EXCERPTED DATA
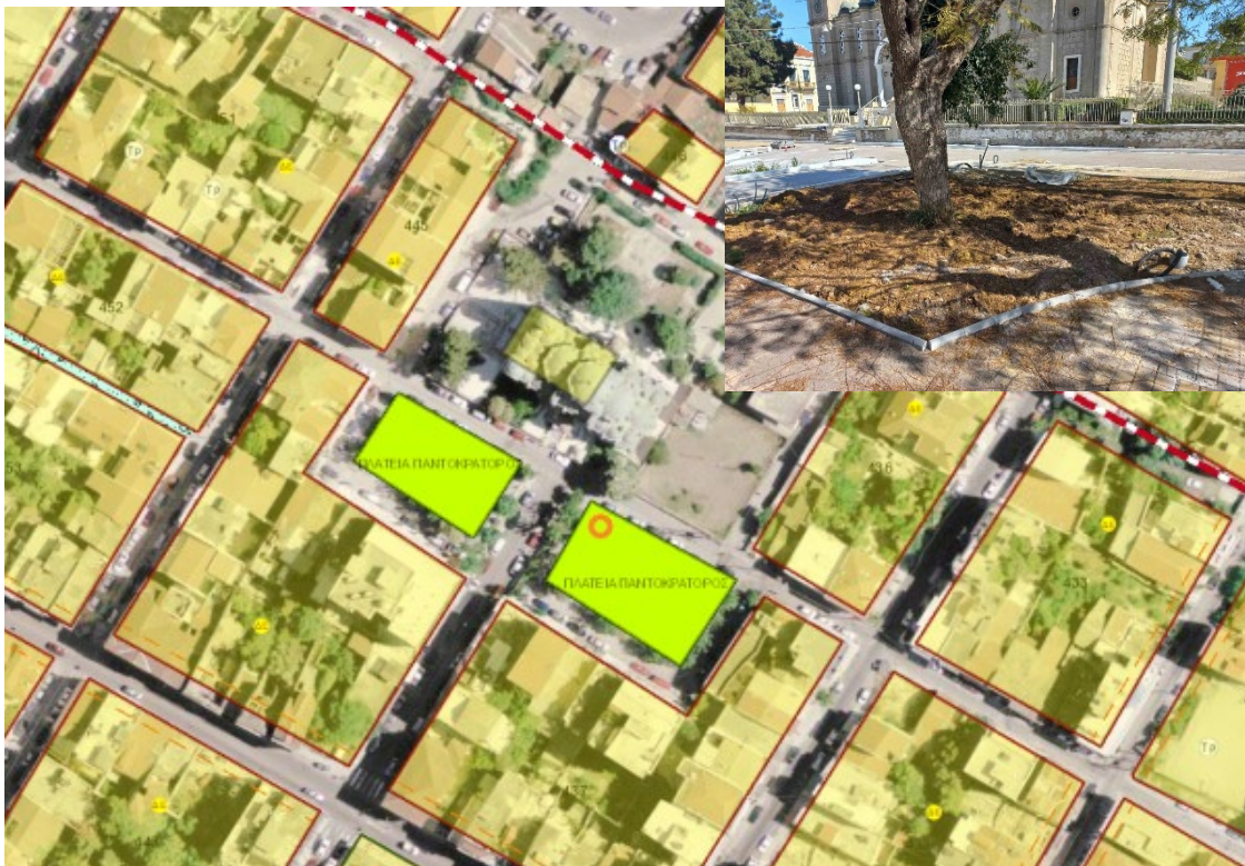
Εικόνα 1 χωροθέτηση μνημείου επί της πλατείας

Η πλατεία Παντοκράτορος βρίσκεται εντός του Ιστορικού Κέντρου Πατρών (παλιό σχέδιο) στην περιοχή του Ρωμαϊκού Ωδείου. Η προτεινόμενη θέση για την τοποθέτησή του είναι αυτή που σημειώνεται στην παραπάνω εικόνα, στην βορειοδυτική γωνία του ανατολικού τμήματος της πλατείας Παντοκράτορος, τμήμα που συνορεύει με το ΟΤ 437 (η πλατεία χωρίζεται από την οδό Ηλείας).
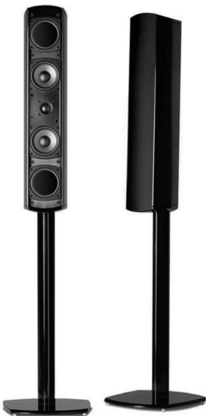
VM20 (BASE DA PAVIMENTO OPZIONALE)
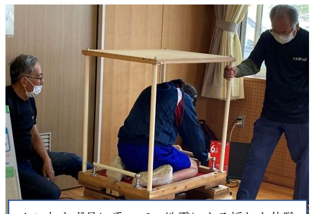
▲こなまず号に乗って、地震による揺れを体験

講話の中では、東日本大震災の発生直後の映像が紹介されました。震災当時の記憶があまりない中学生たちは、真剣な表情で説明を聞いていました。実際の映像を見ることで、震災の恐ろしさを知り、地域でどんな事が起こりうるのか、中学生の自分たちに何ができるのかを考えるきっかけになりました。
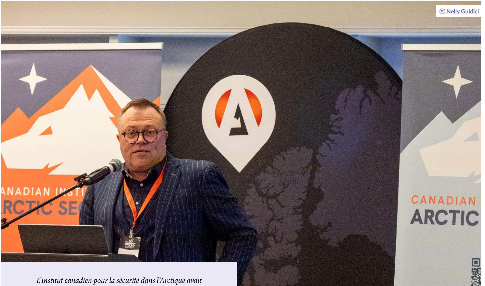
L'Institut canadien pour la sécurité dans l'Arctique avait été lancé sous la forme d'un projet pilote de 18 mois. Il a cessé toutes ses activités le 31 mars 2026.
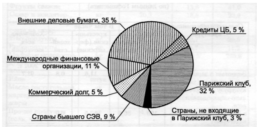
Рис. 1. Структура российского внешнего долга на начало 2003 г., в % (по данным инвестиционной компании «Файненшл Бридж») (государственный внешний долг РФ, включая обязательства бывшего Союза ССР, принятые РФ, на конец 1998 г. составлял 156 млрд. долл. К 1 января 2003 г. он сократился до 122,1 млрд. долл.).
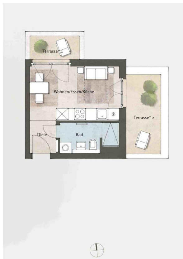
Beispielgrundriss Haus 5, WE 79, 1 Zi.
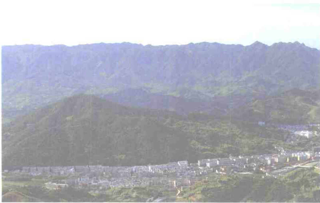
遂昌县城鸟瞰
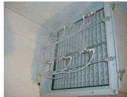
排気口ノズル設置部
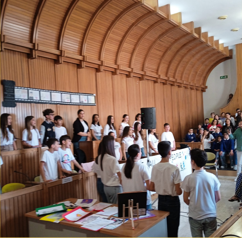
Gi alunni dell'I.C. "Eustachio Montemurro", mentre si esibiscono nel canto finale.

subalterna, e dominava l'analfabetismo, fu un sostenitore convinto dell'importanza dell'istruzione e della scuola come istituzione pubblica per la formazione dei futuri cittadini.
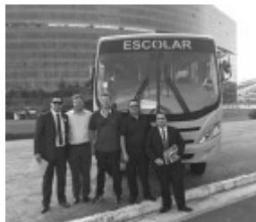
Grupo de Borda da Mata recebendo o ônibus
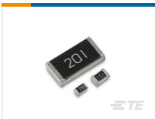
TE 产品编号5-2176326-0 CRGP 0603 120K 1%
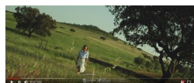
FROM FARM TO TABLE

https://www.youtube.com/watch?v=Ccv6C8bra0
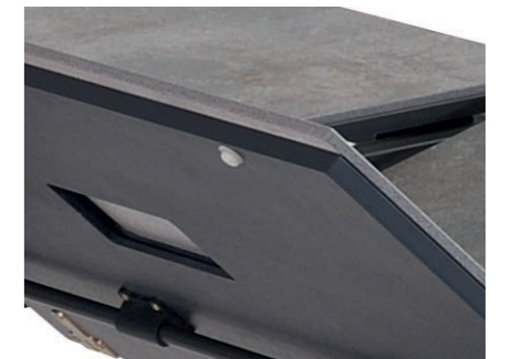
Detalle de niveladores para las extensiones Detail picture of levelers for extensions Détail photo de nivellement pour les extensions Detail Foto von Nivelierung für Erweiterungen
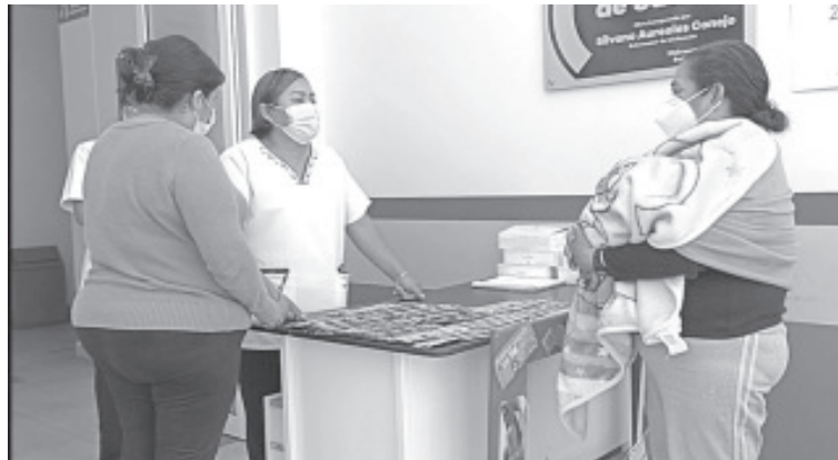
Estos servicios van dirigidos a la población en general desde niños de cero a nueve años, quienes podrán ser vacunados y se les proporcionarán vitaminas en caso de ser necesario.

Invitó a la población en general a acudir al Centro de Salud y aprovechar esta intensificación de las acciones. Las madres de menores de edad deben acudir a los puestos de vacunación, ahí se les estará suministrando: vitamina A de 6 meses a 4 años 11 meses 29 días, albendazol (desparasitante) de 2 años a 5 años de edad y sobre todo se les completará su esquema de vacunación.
---
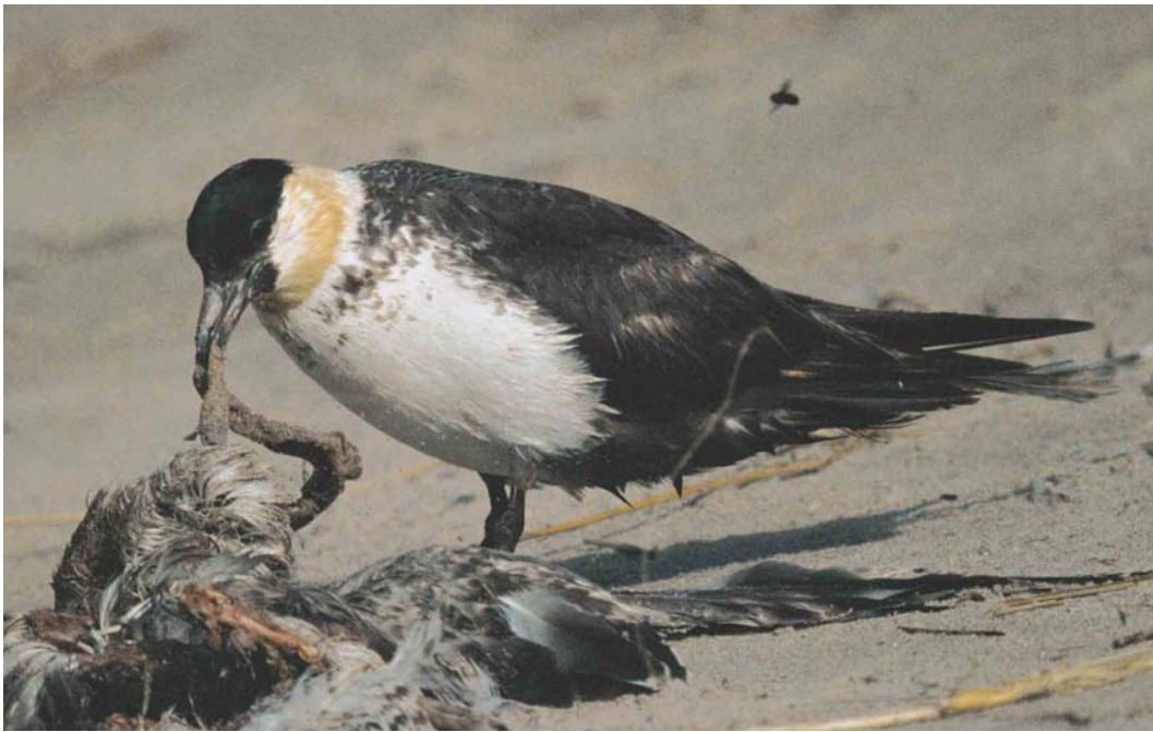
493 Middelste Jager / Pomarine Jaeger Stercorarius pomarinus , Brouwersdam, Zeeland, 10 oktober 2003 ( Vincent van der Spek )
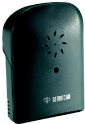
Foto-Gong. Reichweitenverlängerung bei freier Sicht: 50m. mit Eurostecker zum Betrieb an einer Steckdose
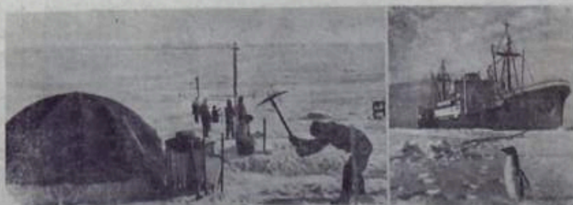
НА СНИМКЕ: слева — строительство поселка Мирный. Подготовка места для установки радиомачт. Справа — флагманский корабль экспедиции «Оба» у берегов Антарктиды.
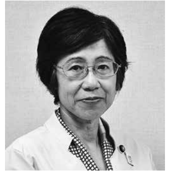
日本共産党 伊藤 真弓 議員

YOUR INSTRUCTIONS
From the material above, reproduce only what runs from the line holding "VM20 (BASE DA PAVIMENTO OPZIONALE)" down to the line holding "L'Institut canadien pour", both included, pictures excluded.

THE COMPLETED TASK
VM20 (BASE DA PAVIMENTO OPZIONALE)
▲こなまず号に乗って、地震による揺れを体験

講話の中では、東日本大震災の発生直後の映像が紹介されました。震災当時の記憶があまりない中学生たちは、真剣な表情で説明を聞いていました。実際の映像を見ることで、震災の恐ろしさを知り、地域でどんな事が起こりうるのか、中学生の自分たちに何ができるのかを考えるきっかけになりました。
L'Institut canadien pour la sécurité dans l'Arctique avait été lancé sous la forme d'un projet pilote de 18 mois. Il a cessé toutes ses activités le 31 mars 2026.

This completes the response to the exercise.